Improvement in Aortic Valve Area in Patients With Aortic Stenosis Through Use of a New “Hourglass-Shaped” Valvuloplasty Balloon

Abstract: Objectives. The study aim was to assess the effect of hourglass-shaped V8 and TAV8 balloons (InterValve, Inc) on aortic valve area (AVA) and other outcomes in patients with severe aortic stenosis undergoing balloon aortic valvuloplasty (BAV). BAV has re-emerged with transcatheter therapy. Cylindrical balloons have been the device of choice despite limitations. The hourglass-shaped balloons, with shorter, broader segments separated by a narrowed waist, permit enhanced fixation and better leaflet opening without annular or sinotubular compromise. Methods. We compared outcomes of InterValve balloon use in patients undergoing BAV with outcomes of cylindrical balloon use in patients from a BAV database.
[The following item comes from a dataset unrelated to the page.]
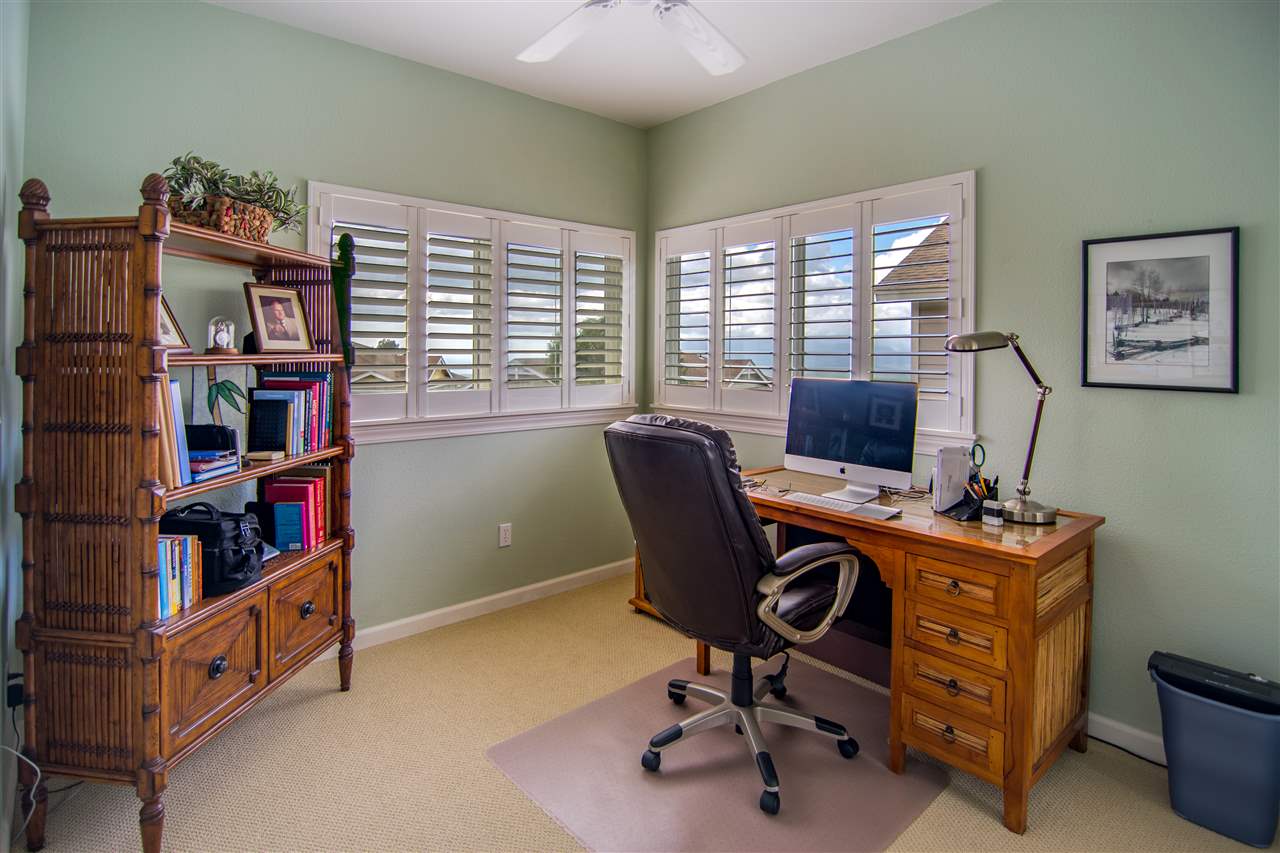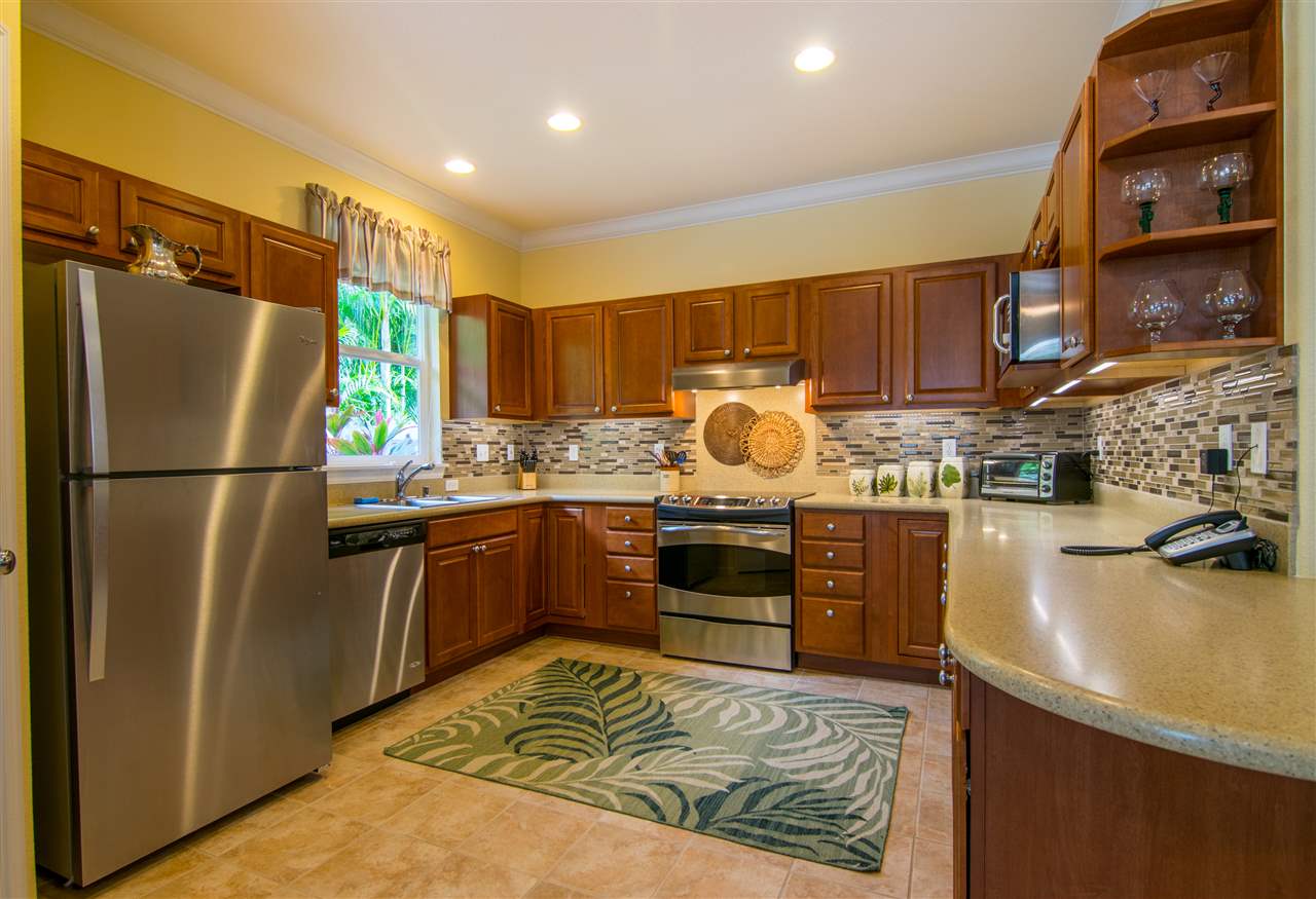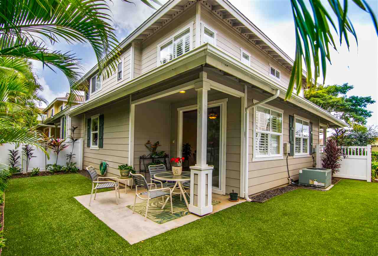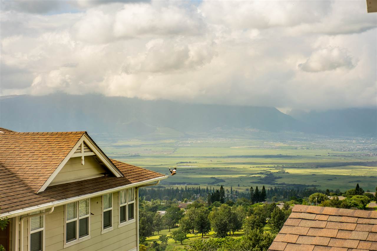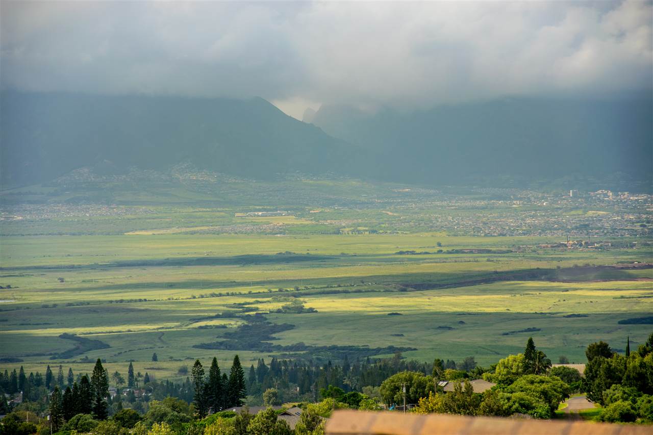 Perfect! This pristine, peaceful home enjoys a great location in the popular Cottages at Kulamalu complex in upcountry Maui. Tucked back against the gulch, this unit offers quiet privacy plus ocean and central valley views from upstairs. Remodeled in 2014, the home features porcelain tile downstairs framed by base and crown moldings added by the seller. The spacious kitchen has stainless appliances, Corian counters, new tiled backsplash and an open concept to the living area. All windows are framed by beautiful new plantation shutters. Central AC throughout when needed. Seller's pride of ownership evident in the immaculate condition of this home. Designer ceiling fans included. A remodeled ensuite master bath features new tile and additional cabinetry. Upstairs bedroom/office has panoramic views of the central valley. Backyard is fenced and private with easy maintenance synthetic lawn. Staircase includes a stairlift recently installed by owner which can be easily removed if desired. Two pets are allowed. Maintenance fee covers exterior building maintenance including roof, water, sewer, refuse collection and common areas. Repainting of this unit is scheduled for March 2018. Attached DOUBLE GARAGE. Close to guest parking. Located close to Central Maui and fine schools with the ideal Lower Kula climate. Walk to the Saturday Farmers Market and Long's Pharmacy.

Patients were propensity matched by age, gender, baseline AVA, left ventricular ejection fraction, and Society of Thoracic Surgeons mortality risk score. Endpoints included change in AVA and aortic insufficiency (AI) by echocardiography, new permanent pacemaker (PPM) implantation, and major adverse events (ie, procedural death, emergency surgery, or stroke). Results. Forty InterValve balloon patients were matched with 40 cylindrical balloon patients. Postprocedure change in AVA trended strongly in favor of InterValve balloon patients (0.29 ± 0.17 cm² vs 0.22 ± 0.15 cm²; P=.06). Maximum balloon sizes were significantly smaller for InterValve balloon patients. Worsened AI occurred less frequently with InterValve balloons. There was no difference in postprocedure PPM implantations or major adverse events. Conclusions. Use of the hourglass-shaped balloons provided larger AVA, as compared with use of cylindrical balloons. Use of the novel balloons was not associated with an increase in AI, PPM, or major adverse events. 

J INVASIVE CARDIOL 2017;29(12):411-415.

Key words: new device, balloon aortic valvuloplasty

Initial experience with balloon aortic valvuloplasty (BAV) in the 1980s for the treatment of severe, calcific aortic stenosis as an alternative to surgical aortic valve replacement demonstrated technical feasibility, acceptable safety, and modest improvement in aortic valve area (AVA).^1-4 Patients who underwent successful BAV experienced transient symptomatic improvement. With recognition of near-uniform restenosis in these patients, who were predominantly surgical candidates, enthusiasm for the procedure waned. Over the subsequent 10-15 years, non-surgical candidates – often elderly patients – were seldom offered the palliative benefits of this procedure.

Now that transcatheter aortic valve replacement (TAVR) has expanded the options for patients with aortic stenosis who are at high risk or are not surgical candidates, the use of BAV has undergone a resurgence. BAV is increasingly used as a bridge to TAVR. For example, “diagnostic” BAV is performed in patients with multiple causes for shortness of breath (eg, lung disease). BAV may be undertaken in patients with severe myocardial dysfunction, renal insufficiency, or other organ-system failure that may be reversible with this technique. BAV is also performed in high-risk patients for non-elective, non-cardiac surgery; in patients requiring high-risk percutaneous coronary intervention before TAVR (combined BAV and percutaneous coronary intervention); in hemodynamically unstable patients as a tool for TAVR predilation and postdilation; and for palliation in patients with limited longevity (ie, predicted survival less than 1-2 years).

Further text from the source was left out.